> _YOUR TASK_
Of the material below, only the lines from the line containing "Blue Orange Brown" down to the line containing "Rio, notre chien" belong in the answer, written out exactly.

> _RECORDS FOR THE TASK_
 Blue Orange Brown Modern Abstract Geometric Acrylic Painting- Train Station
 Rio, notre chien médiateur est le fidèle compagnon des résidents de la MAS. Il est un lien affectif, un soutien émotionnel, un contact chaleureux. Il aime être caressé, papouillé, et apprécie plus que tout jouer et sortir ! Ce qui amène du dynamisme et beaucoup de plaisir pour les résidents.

---

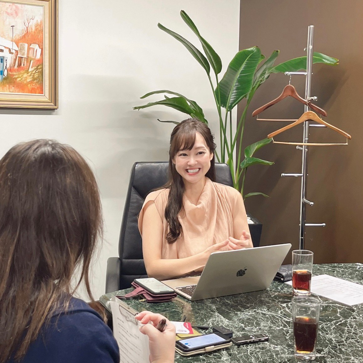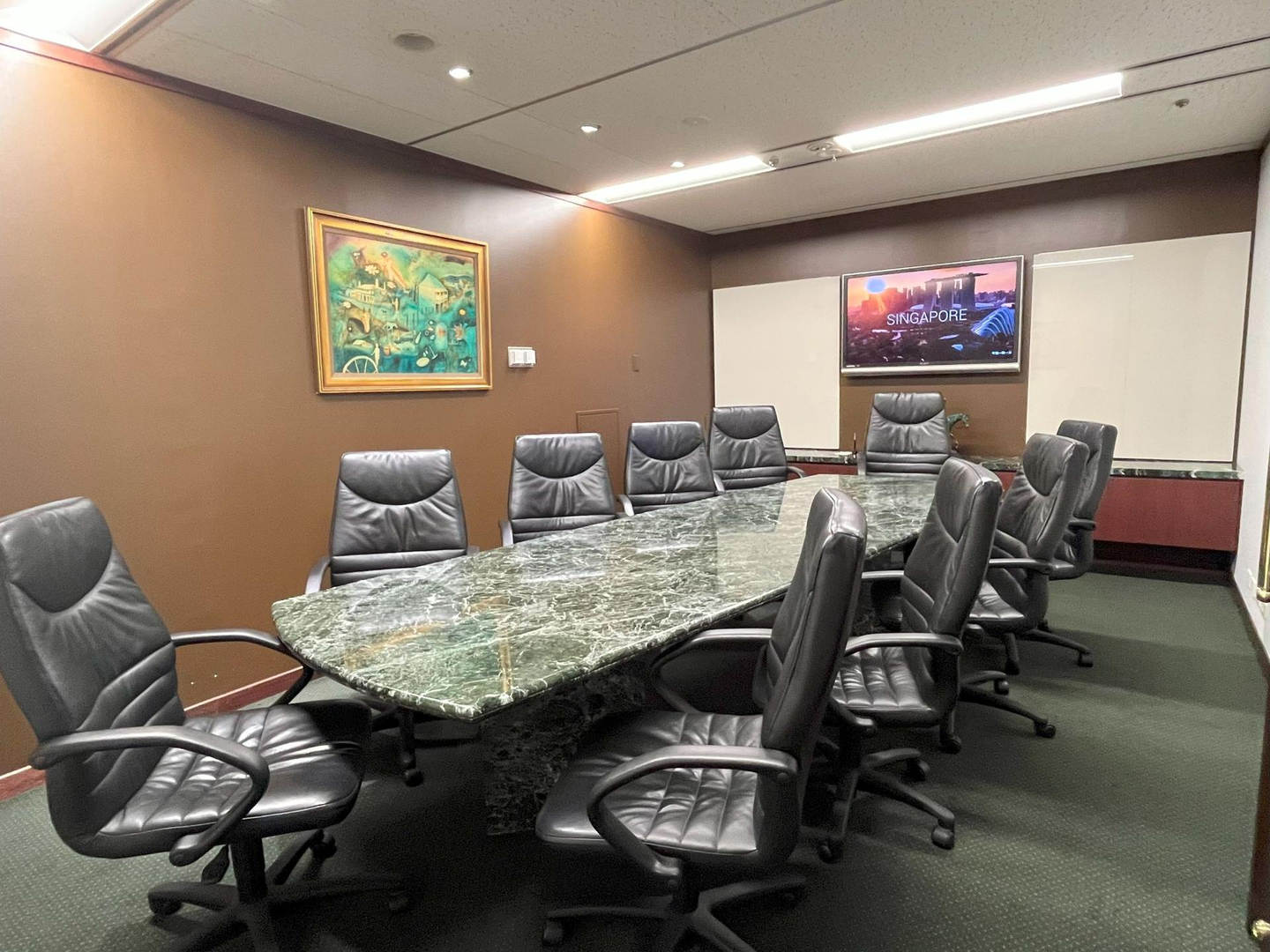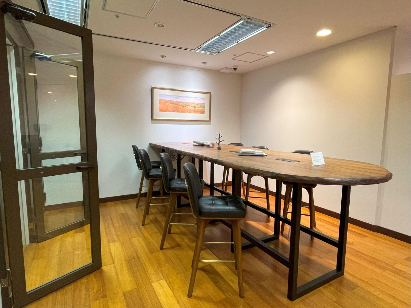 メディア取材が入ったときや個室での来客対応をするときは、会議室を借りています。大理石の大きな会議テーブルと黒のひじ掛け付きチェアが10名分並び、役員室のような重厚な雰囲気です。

---

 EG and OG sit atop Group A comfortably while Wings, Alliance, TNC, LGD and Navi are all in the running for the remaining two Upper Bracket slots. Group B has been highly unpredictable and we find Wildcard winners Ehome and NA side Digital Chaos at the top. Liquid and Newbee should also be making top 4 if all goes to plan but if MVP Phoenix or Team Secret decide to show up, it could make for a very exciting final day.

> _REPLY_
 Blue Orange Brown Modern Abstract Geometric Acrylic Painting- Train Station
 Rio, notre chien médiateur est le fidèle compagnon des résidents de la MAS. Il est un lien affectif, un soutien émotionnel, un contact chaleureux. Il aime être caressé, papouillé, et apprécie plus que tout jouer et sortir ! Ce qui amène du dynamisme et beaucoup de plaisir pour les résidents.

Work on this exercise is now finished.